**ACTION ITEM:**
Set down the data again word for word. Skip any pictures.

Segment Start: SOURCE DATA

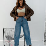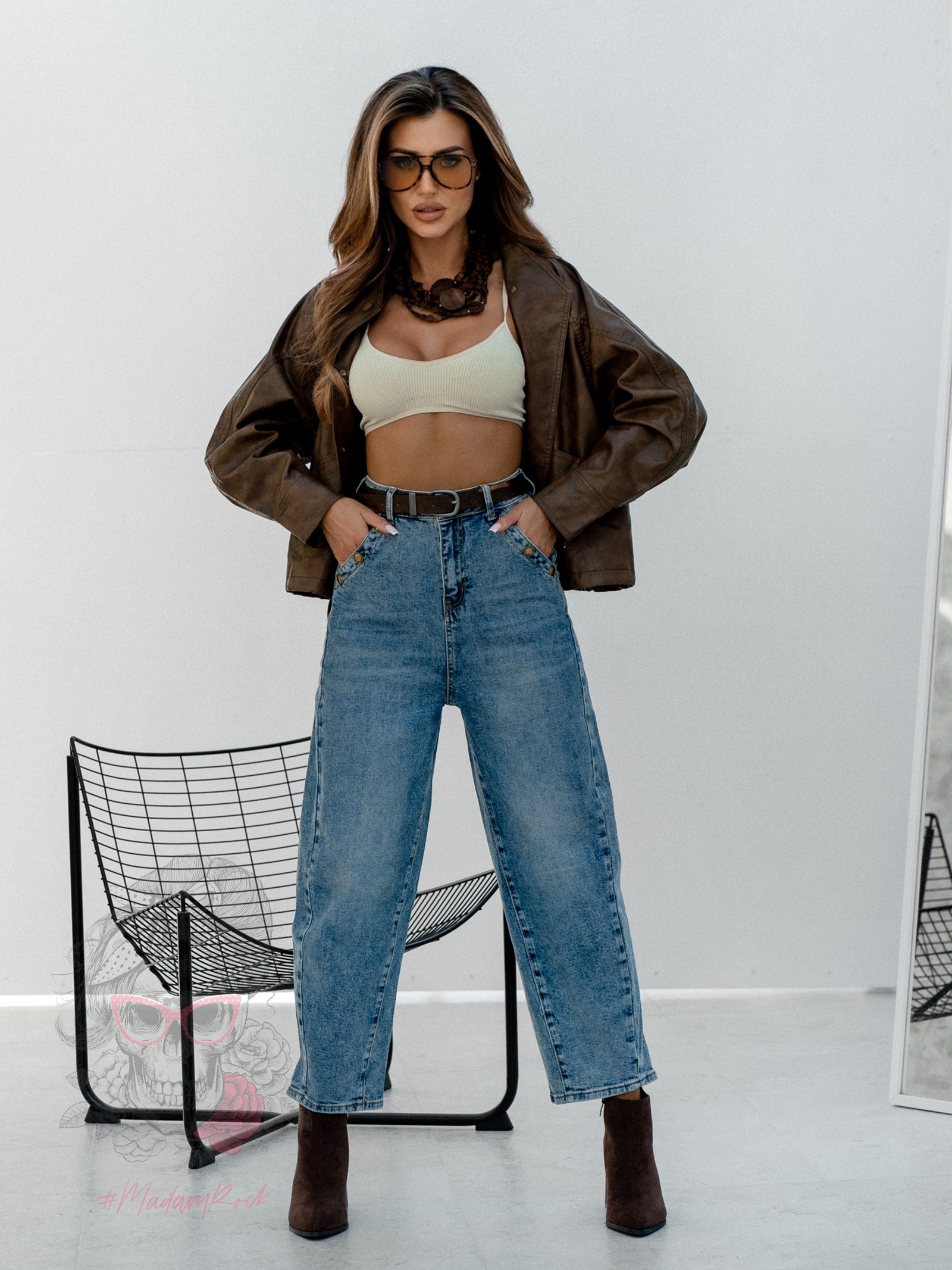 Spodnie posiadają kieszenie z przodu i z tyłu, a przednie ozdobione są eleganckimi złotymi napami, które nadają stylizacji szyku. W zestawie znajduje się brązowy pasek z ekoskóry ze złotą klamrą, który podkreśla talię i dopełnia całość. Idealne do casualowych stylizacji z T-shirtami, bluzami lub koszulami. BOSTES to must-have dla fanek modnych i funkcjonalnych jeansów.
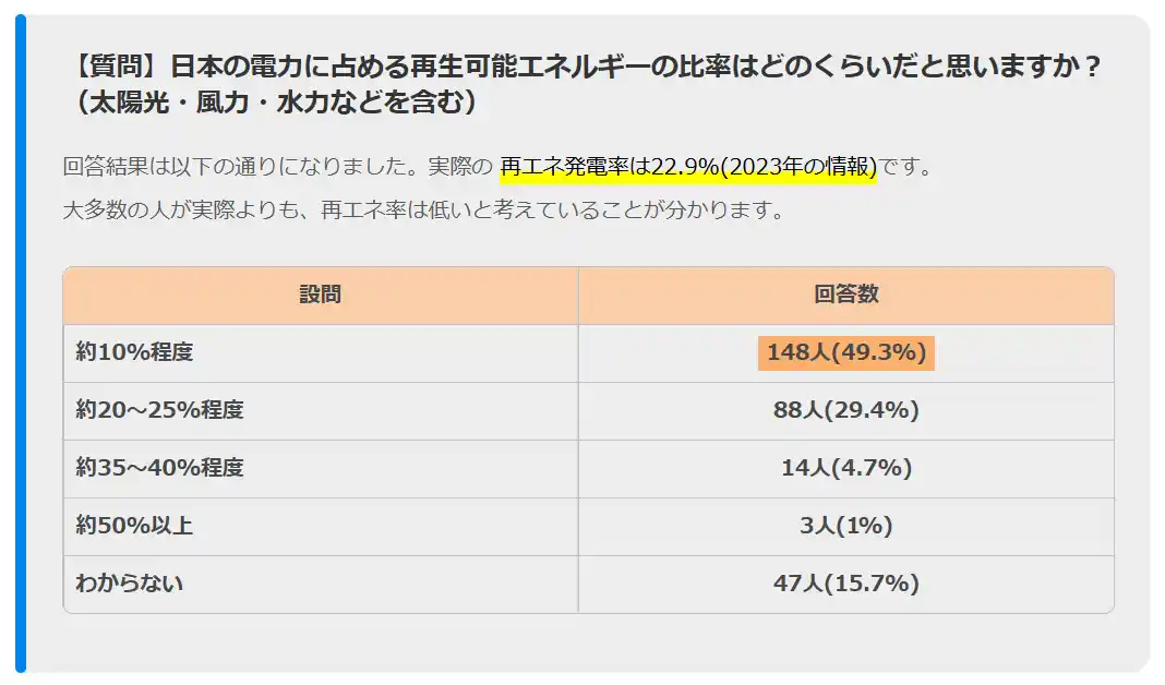 一方、 アンケート回答で最も多かったのが「10%程度」でした。この結果を見ると、 一般的な認識よりも日本の再エネ率は高まっていることが分かります。 |
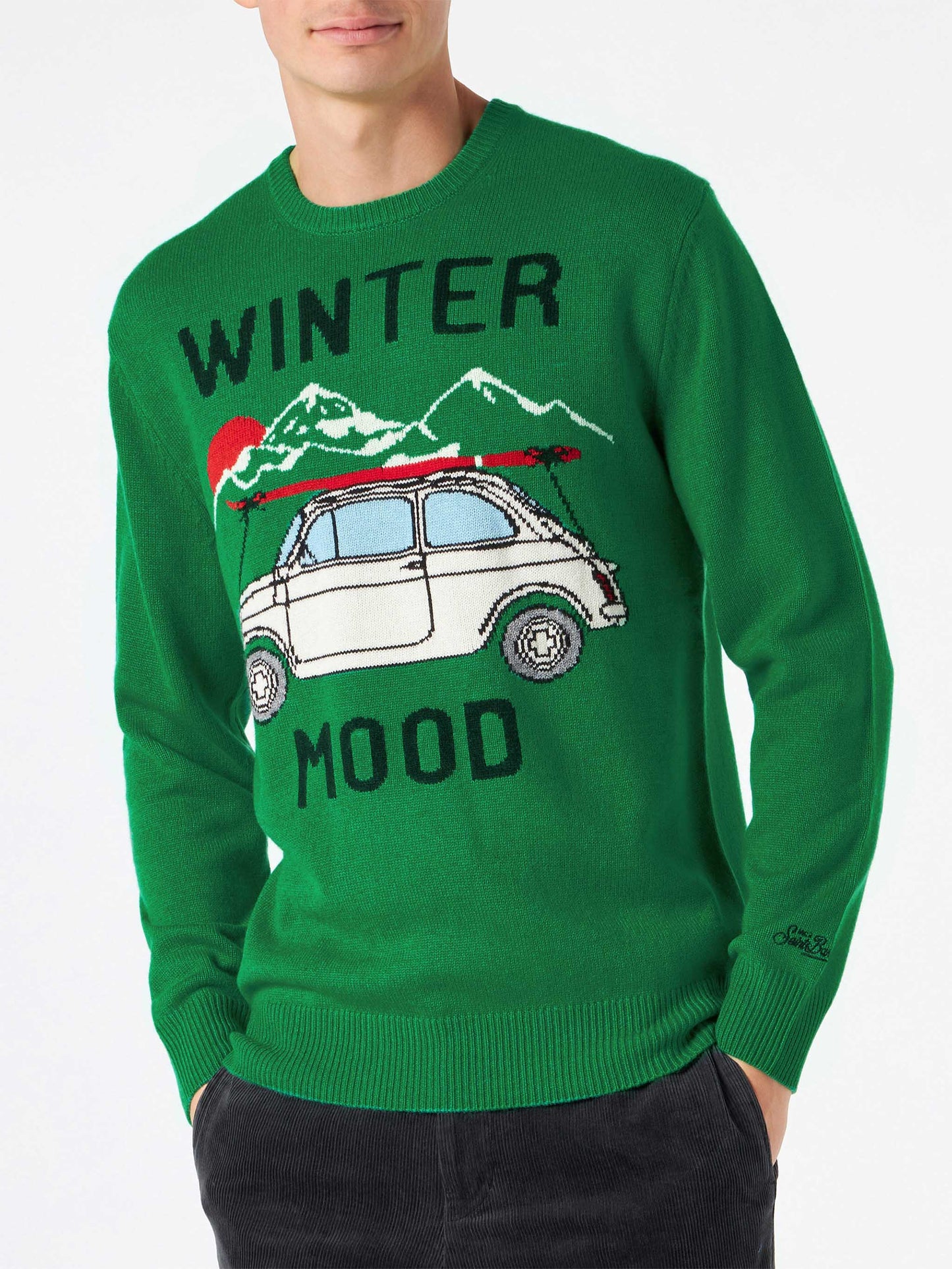 Man cashmere blend sweater with Fiat 500 jacquard | FIAT 500 SPECIAL EDITION

Segment End: SOURCE DATA

**ANSWER:**
 Spodnie posiadają kieszenie z przodu i z tyłu, a przednie ozdobione są eleganckimi złotymi napami, które nadają stylizacji szyku. W zestawie znajduje się brązowy pasek z ekoskóry ze złotą klamrą, który podkreśla talię i dopełnia całość. Idealne do casualowych stylizacji z T-shirtami, bluzami lub koszulami. BOSTES to must-have dla fanek modnych i funkcjonalnych jeansów.
 一方、 アンケート回答で最も多かったのが「10%程度」でした。この結果を見ると、 一般的な認識よりも日本の再エネ率は高まっていることが分かります。 |
 Man cashmere blend sweater with Fiat 500 jacquard | FIAT 500 SPECIAL EDITION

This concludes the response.